We found this great piece shot by Canadian film makers about Bonneville Speed Week. Its well done and captures some great folks and their stories. Cannot wait to get on the salt for the first time.
Link to Sympatico Autos
"Over seven days, 168 world land speeds records will be set here by amateurs in more than 500 hotrods, streamliners and motorcycles. But you’ll likely never hear about these record-setters. The outright land speed record is 1,228 km/h or Mach 1.02. RAF Wing Commander (ie: hot-shot fighter pilot) Andy Green broke through the sound barrier on the way to setting the record in a vehicle named ThrustSSC.
It was powered by a pair of afterburning Rolls-Royce turbojet engines, together producing as much thrust as 145 Formula One racecars. It does 0-1,000 km/h in an estimated 16 seconds. (That’s not a typo.) So you can see why these amateurs at Bonneville, however brave and skilled, will never make headline news. No, these land speed racers risk their lives for something else, although what that is, is hard to say.
“It took three years to build [the Studebaker] and we've been racing it for four years,” says Moreau. “This year is the best year, we went twice 200 mph and the third run we run 205 and we hope to make this run 210.” All land speed racers, even those from Quebec, talk in miles-per-hour, not kilometres.

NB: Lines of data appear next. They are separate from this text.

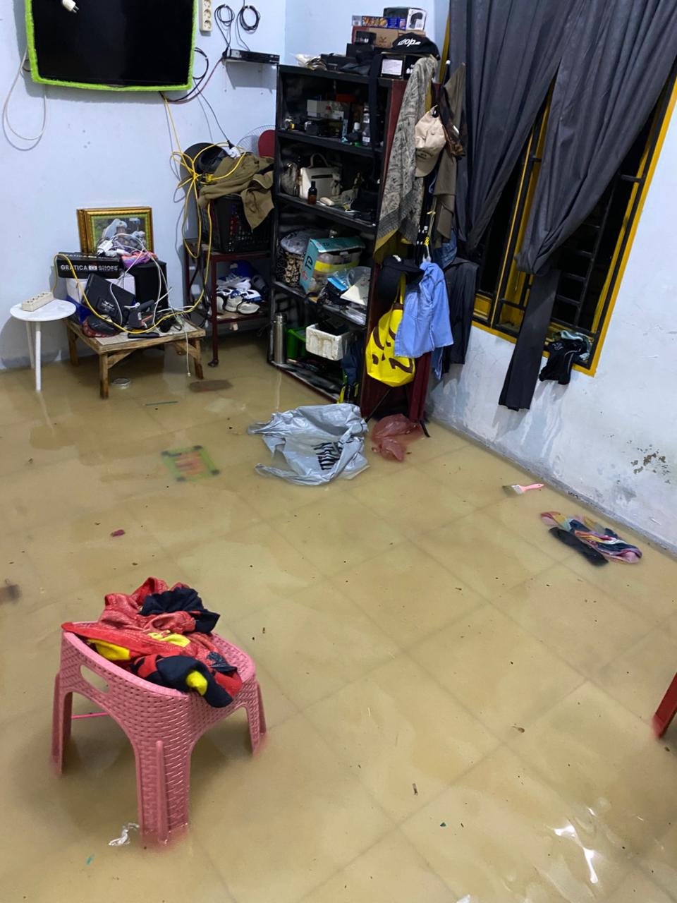 Banjir tersebut diduga terjadi akibat tersumbatnya saluran pembuangan menuju parit besar. Kerugian ditaksir mencapai Rp8 juta.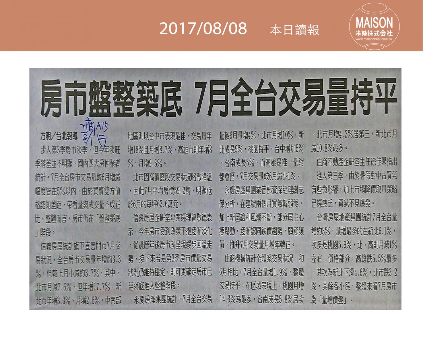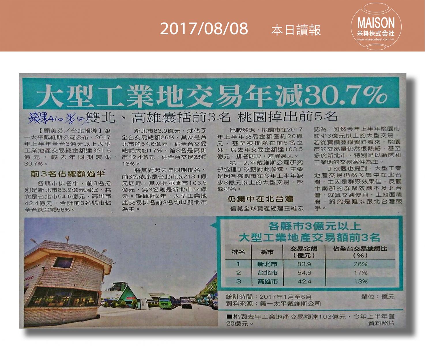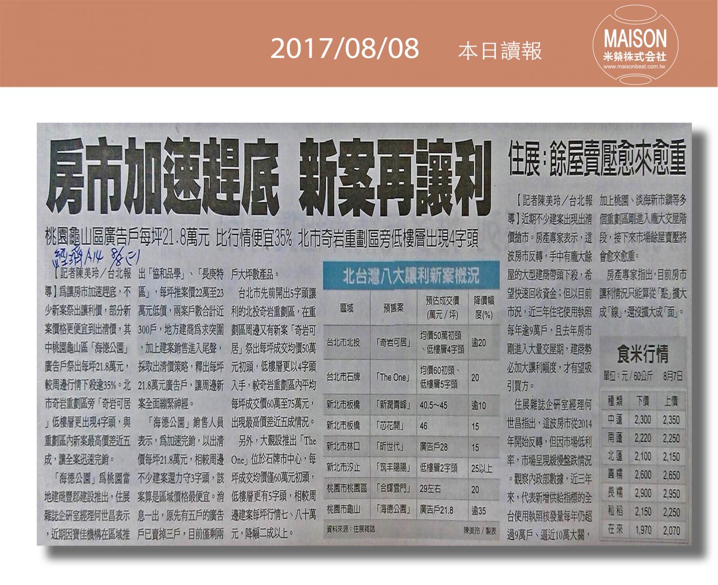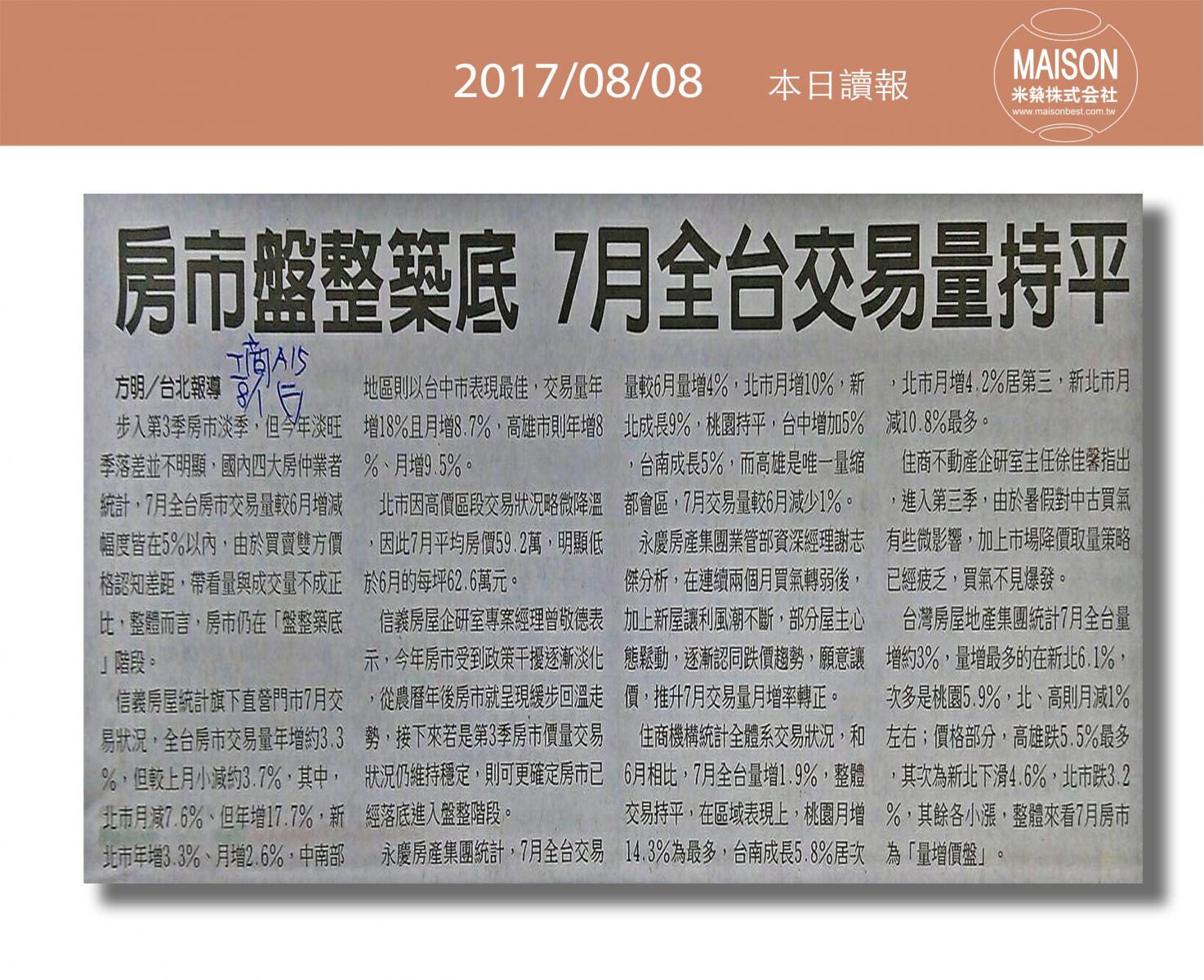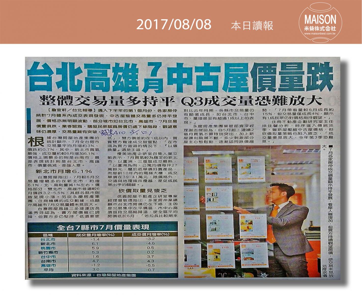 今日讀報(8/08)!1分鐘掌握財經房態今日新聞重點:房市加速趕底 新案再讓利:大型工業地交易年減30.7%:台北高雄7月 中古屋價量跌:房價改實坪制 暫不推動:單身族變多 小套房授信解禁:房市盤整築底 7月全台交易量持平:台中7其名人巷 知名品牌徵插旗……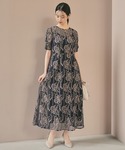 navy×pinkの配色が美しい、羽織り要らずの袖付きレースワンピース。 袖にギャザーが入っているので、より柔らかく女性らしい印象に。 レースの華やかさと落ち着いた色味が、結婚式などのお呼ばれにはもちろん、特別な日におすすめです。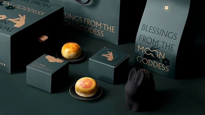 「盈月品秋」 禮盒特地市面上常見的月亮、橘黃色系包裝做出區隔,由製所設計操刀、將象徵「有肉」的綠色作為外包裝底色,主視覺則以嫦娥的手比出「OK」動作,也如同兔子的姿態般,傳遞出中秋節、安心祝福。主角月餅則二度攜手百年老店「李亭香」合作獨家月餅,印上「療癒植物」與「WARMTH」圖案,讓收禮對象能接受到團圓、暖心意涵。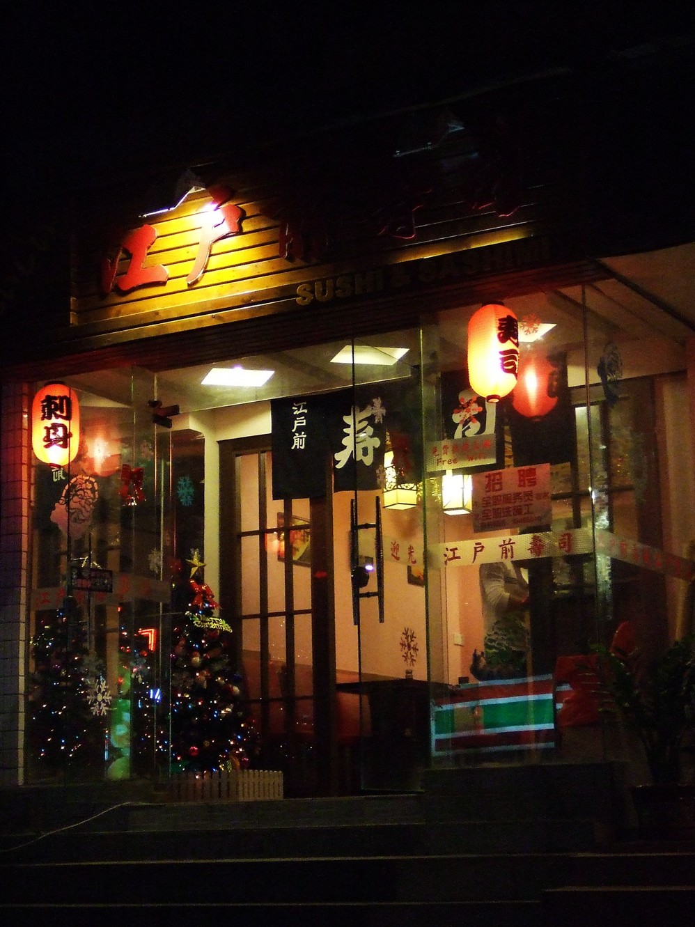 偶然在网上看到一家叫“江户前寿司”的小店的网评不错,于是某个夜晚冒名前往。走完了长长的一条淘金北路,依然没能寻见它的身影,正当想放弃的时候,望见小街尽头处若隐若现的红色灯笼,怀着最后一丝希望前去一探究竟,果然是酒香不怕巷子深啊。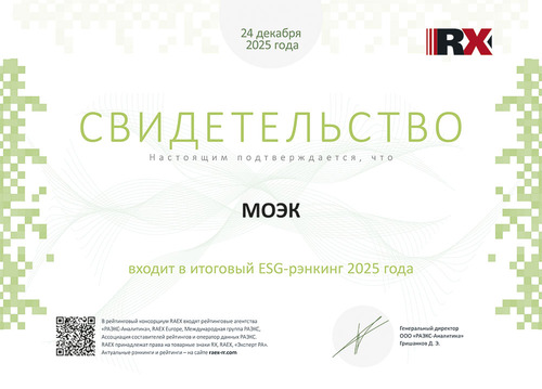 ПАО «МОЭК» впервые вошло в ESG-рэнкинг компаний за 2025 отчетный год от Рейтингового агентства RAEX* (топ-компании с лучшими корпоративными практиками в области ESG RAEX (https://raex-rr.com/ESG/ESG_companies/ESG_rating_companies/2026.1).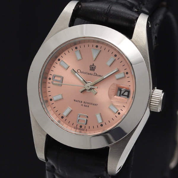 - 稼働 良品 クリスチャンドマーニ CD-6502 QZ デイト ピンク文字盤 レディース腕時計 2000000 NSK INK
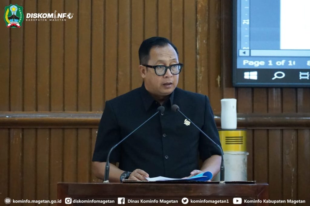 Ketua Badan Pembentukan Peraturan Daerah (Bapemperda) DPRD Kabupaten Magetan, Dwi Aryanto, SE menyampaikan penjelasan mengenai Propemperda Tahun 2026.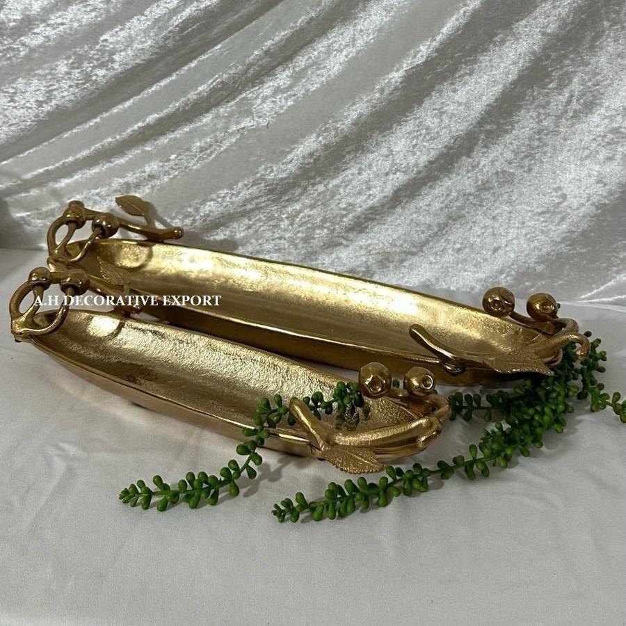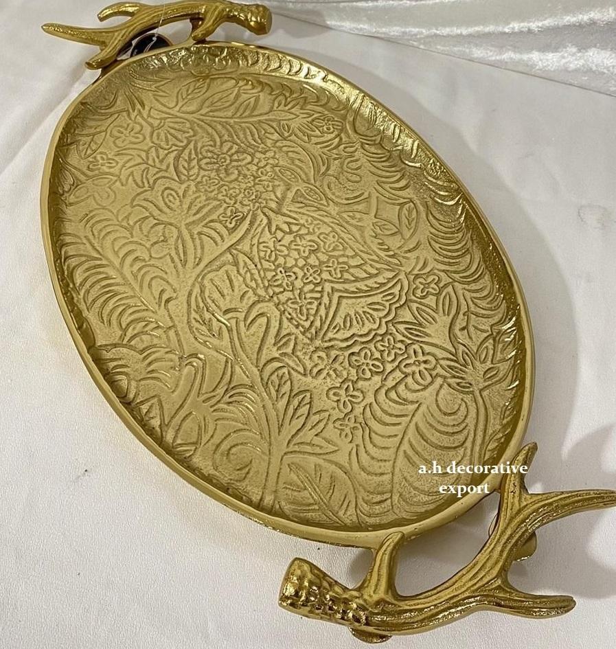 ถาดโลหะสีทองลายแกะสลักด้วยมือ พร้อมหูจับรูปเขากวาง สำหรับตกแต่งโต๊ะกาแฟ สไตล์โมเดิร์น ของขวัญพรีเมียม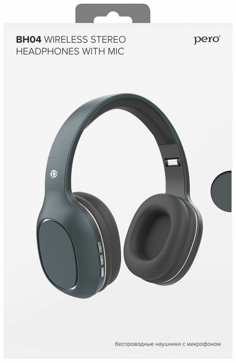 Наушники Pero Bh04, беспроводные, полноразмерные, микрофон, 400 мАч, до 20 часов, серые Pero 9568380 .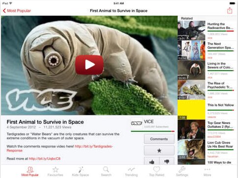 Данное приложение от стороннего разработчика без каких-либо проблем заменит официальный клиент YouTube от Google. Программа YouPlayer несёт в себе специальный модуль, благодаря чему вы сможете смотреть видеоролики хостинга YouTube поверх любого приложения на вашем iPad. Стоит отметить также приятный и удобный для пользователя интерфейс. Более того, вы можете выбрать качество проигрываемого видео нажатием одной кнопки. Присутствуют специальные режимы качества для 3G и Wi-Fi сетей. Кстати, в YouPlayer есть возможность сменить тему оформления, выбирая между светлой и тёмной.

“The first year we had an issue with learning the altitude of this place to make the motor work. The second year we had issue with high-speed unstable. And the third year we get better aerodynamic on the car. This year everything seems to work well,” says Moreau.
By “high-speed unstable” he means the car would dance from side to side across the salt, fishtailing at 100-plus mph (160 kph). “You have to concentrate to keep the car straight and just let your mind go with it, and everything will go well. Because it’s not on concrete, this is salt. And the car will do weird things sometimes when you shift gears… you never know what this thing will do to you.”
Soon after, Moreau lets the Hemi roar and disappears over the horizon, off on another run. On their last day on the salt, he set a new personal record: 210 mph. Perron sent us an e-mail with pictures of Moreau's Class A license. He's now a member of the 200 MPH Club.
At least 10 people have died at Bonneville chasing speed records. And for what? For a little receipt with numbers on it? To join the ranks of the “200 MPH Club” or 300, or 400. (There are only 14 members in the 400 MPH Club.)
No, for many it’s like climbing Everest—doing something to see if you can, to see what it’s like, to go where very few have gone before. For others, it’s the mechanical challenge of building a machine. Going fast is as much as a test of bravery as it is of engineering ability. There’s real creativity there."